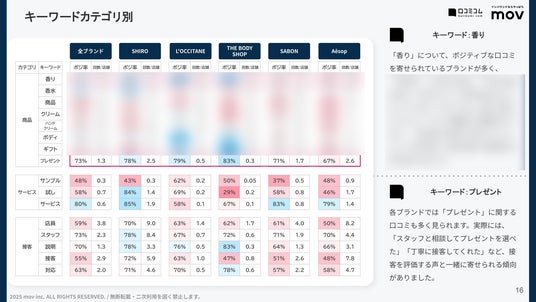 各ブランドでは「香り」「プレゼント」に関する口コミが多く見られました。キーワード「プレゼント」で実際に寄せられた口コミを見てみると、「スタッフと相談してプレゼントを選べた」「丁寧に接客してくれた」など、接客を評価する声と一緒に寄せられる傾向がありました。「香り」についても、各ブランドの評価が明らかとなりました。
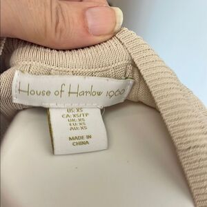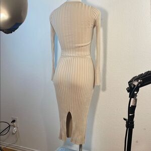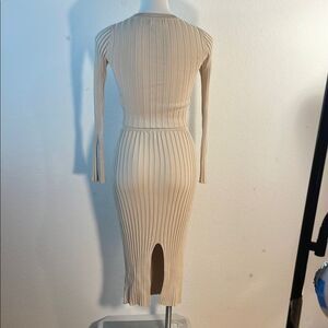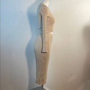 House of Harlow 1960 Ribbed Knit Sweater/Skirt Set Crop Bell Sleeves with round neckline and long skirt with slit on back bottom Color Beige / Cream nude Size XS
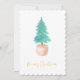 Pastel Pink Farmhouse Check Poted Christmas Tree Carte de vacances. Ferme, cottage et style de Noël abîmé. Espace vide sur le dos pour un accueil personnalisé.
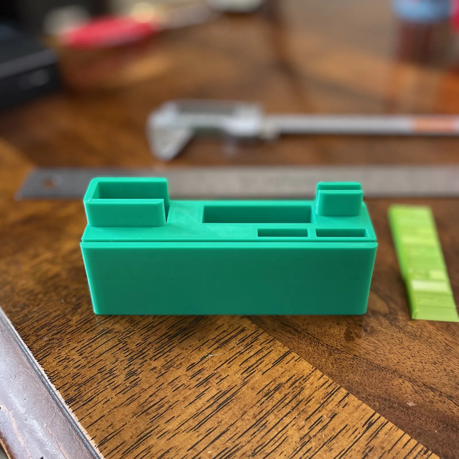 Cái đế để bàn này giúp bạn giữ chặt kìm caliper, thước lá và vài cái kìm đo độ dày. Thiết kế lại để giữ kìm chắc chắn hơn, tránh bị nghiêng đổ. In bằng nhựa PLA màu xanh lá trên máy MK4.
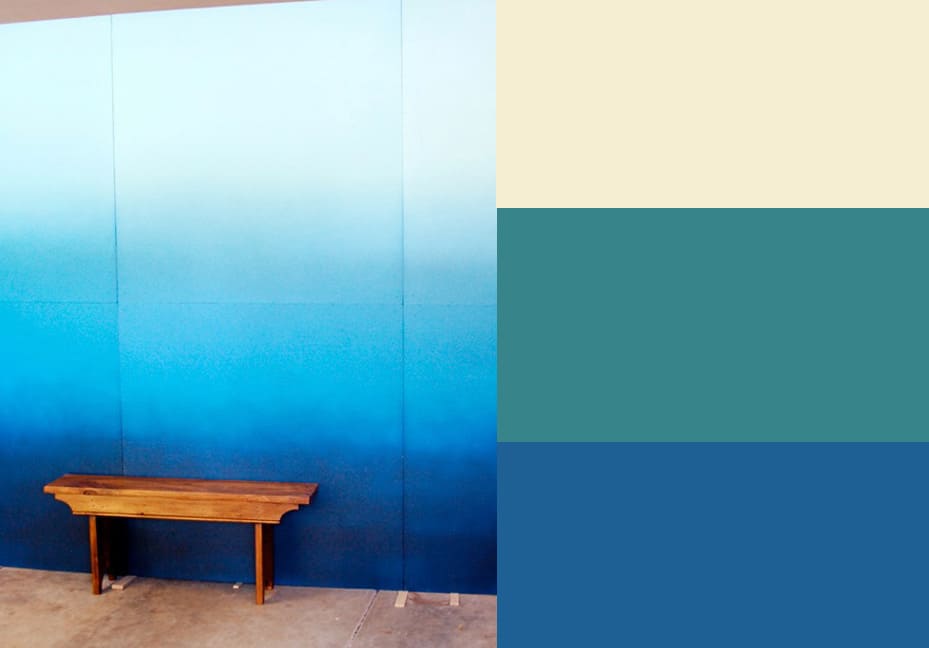1. Укрываем мебель (для этого лучше использовать полиэтилен), малярным скотчем и кусками клеёнки закрываем стены и потолок, которые не требуют окраски. Пол можно застелить старыми обоями или бумагой.2. Приступаем к прокраске. Первым делом наносим самый светлый оттенок. Используя валик, окрашиваем всю стену в светлый оттенок. Наносим несколько слоёв краски, это обеспечит хорошую базу.3. Наносим самый тёмный оттенок. Для этого стену нужно разделить на четыре примерно равные части и самую нижнюю четверть окрасить в тёмный цвет. 4. Далее будем делать переход от тёмного оттенка к светлому. Для этого нужно смешать эти оттенки и валиком нанести выше тёмной линии, немного на неё заходя.5. Следующую четверть стены окрашиваем в оттенок средней интенсивности. 6. Создаём плавный переход между светлым и средним оттенками. Чтобы сгладить чёткую линию между оттенками, смешивать их не нужно. Достаточно валиком сделать более мягкие прикосновения на границе цветов и эффект градиента будет готов.7. Создаём мягкие переходы. Кисточкой с мягкой щетиной проводим по невысохшей краске, тем самым смешивая тона и придавая им более мягкий переход.
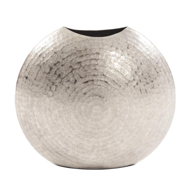 The Frosted Silver vase features a rounded, disk shaped body with a metallic silver finish. The silver has been hammered into a circular pattern that creates the delicate and pretty frosted finish.
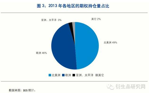 在2013年,从区域来看,期权的交易重地是北美洲、欧洲,两地区持仓量合计占比达到了95%(见图3)。它们不仅是交易最活跃的地区,也是期权品种创新的先锋。当然,最近几年,亚洲等新兴市场开始崛起,如韩国的KOPSI200指数期权和印度的Nifty指数期权,其交易量在全球排名都非常靠前。
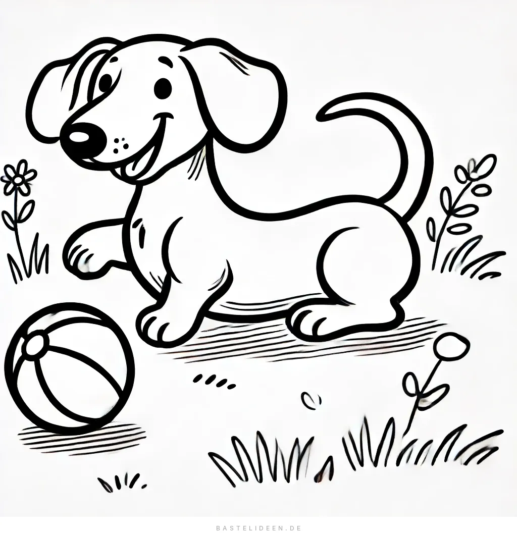Dieses entzückende Ausmalbild zeigt einen verspielten Dackel, der einen sonnigen Tag draußen mit einem Ball genießt. Der Dackel hat einen freudigen Ausdruck, der den Spaß und die Aufregung perfekt einfängt.
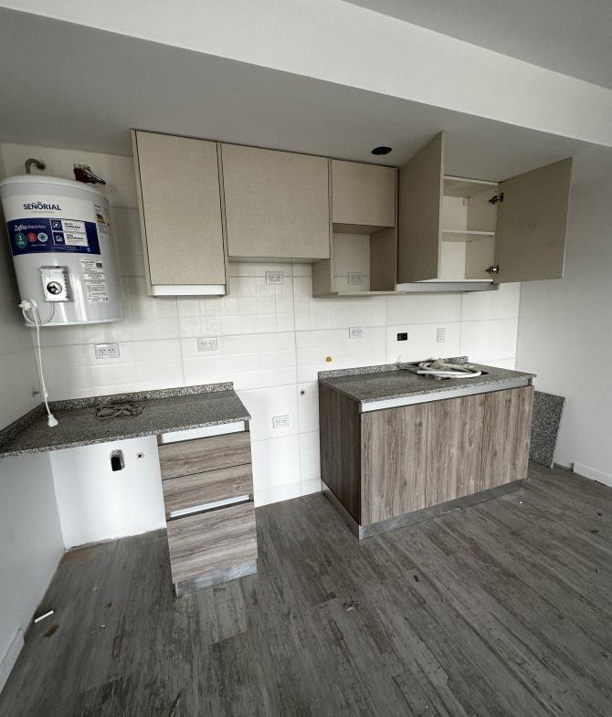 Living comedor con cocina integrada , equipada con artefacto incluido, ideal para disfrutar de un espacio práctico y acogedor.
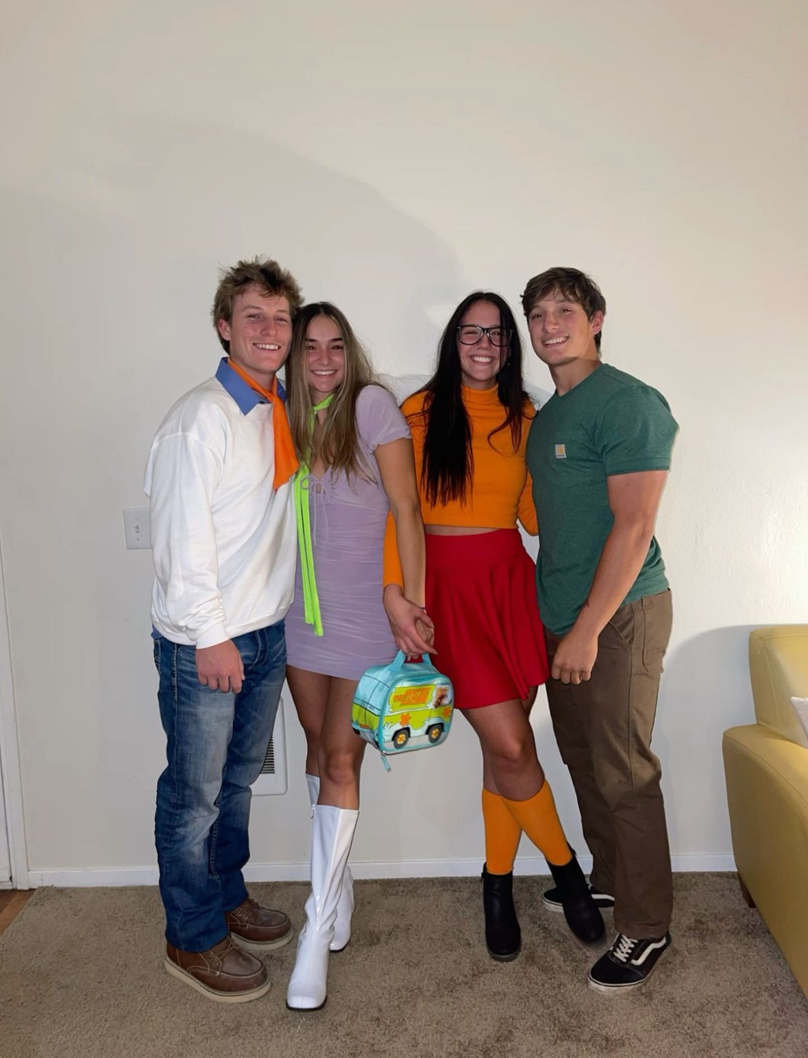 Mystery Incorporated, the classic group from Scooby Doo, can be an easy costume to put together. All parts are clothes people normally have or clothes that can be found while thrifting or at Target or Walmart. For Fred, all you would need is jeans, a white long-sleeve shirt over a blue collared shirt, and an orange piece of fabric to be his classic ascot. Daphne wears a purple dress or skirt with a green scarf and simple white boots. Velma would need a red skirt, orange top, orange socks and black shoes. Shaggy is simple with a green shirt and brown pants.
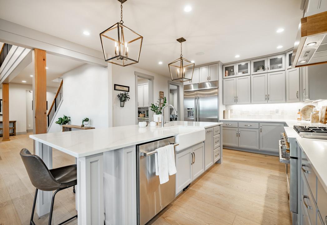 Indoors, the main floor of this 3,146-square-foot home is designed for hosting, cooking, and relaxing.
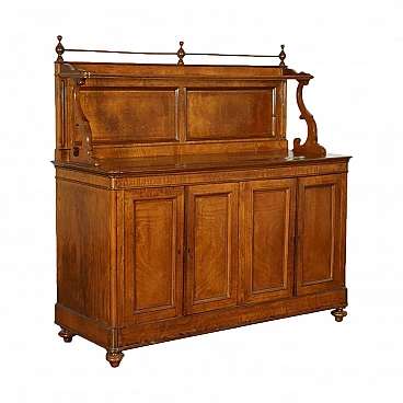 Cupboard supported by refined feet; it has four doors and on top an extension with a shelf that is supported by 2 curved pillars and decorated with pinnacle elements; ash tree veneered.
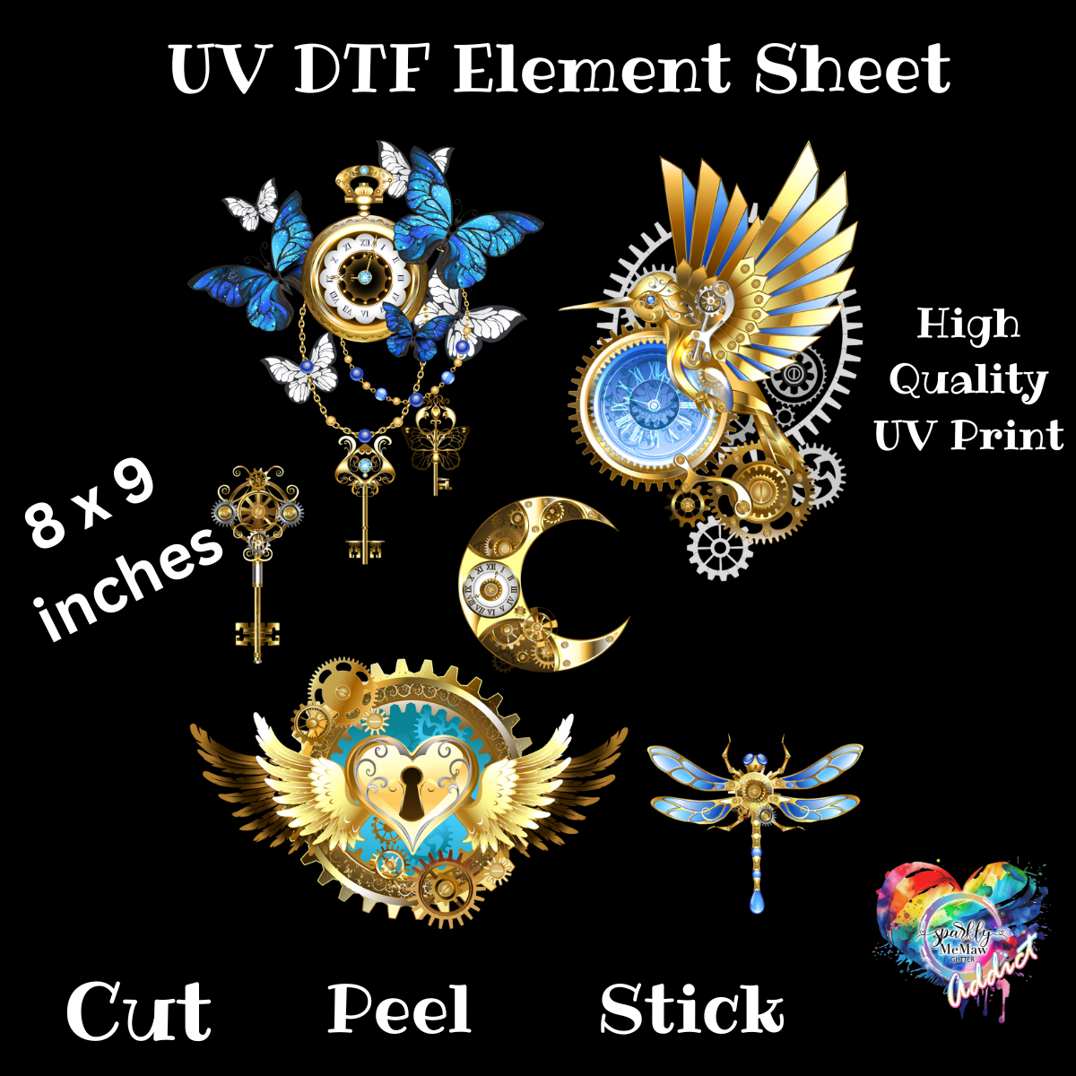 SteamPunk Birds N butterflies UV DTF Element Sheet

***

■ What needs to be done ■
Would you please output only the lines from the start of the material above up to and including the line with "Cái đế để bàn", exactly as they appear and without pictures?

■ Solution for this exercise ■
 各ブランドでは「香り」「プレゼント」に関する口コミが多く見られました。キーワード「プレゼント」で実際に寄せられた口コミを見てみると、「スタッフと相談してプレゼントを選べた」「丁寧に接客してくれた」など、接客を評価する声と一緒に寄せられる傾向がありました。「香り」についても、各ブランドの評価が明らかとなりました。
 House of Harlow 1960 Ribbed Knit Sweater/Skirt Set Crop Bell Sleeves with round neckline and long skirt with slit on back bottom Color Beige / Cream nude Size XS
 Pastel Pink Farmhouse Check Poted Christmas Tree Carte de vacances. Ferme, cottage et style de Noël abîmé. Espace vide sur le dos pour un accueil personnalisé.
 Cái đế để bàn này giúp bạn giữ chặt kìm caliper, thước lá và vài cái kìm đo độ dày. Thiết kế lại để giữ kìm chắc chắn hơn, tránh bị nghiêng đổ. In bằng nhựa PLA màu xanh lá trên máy MK4.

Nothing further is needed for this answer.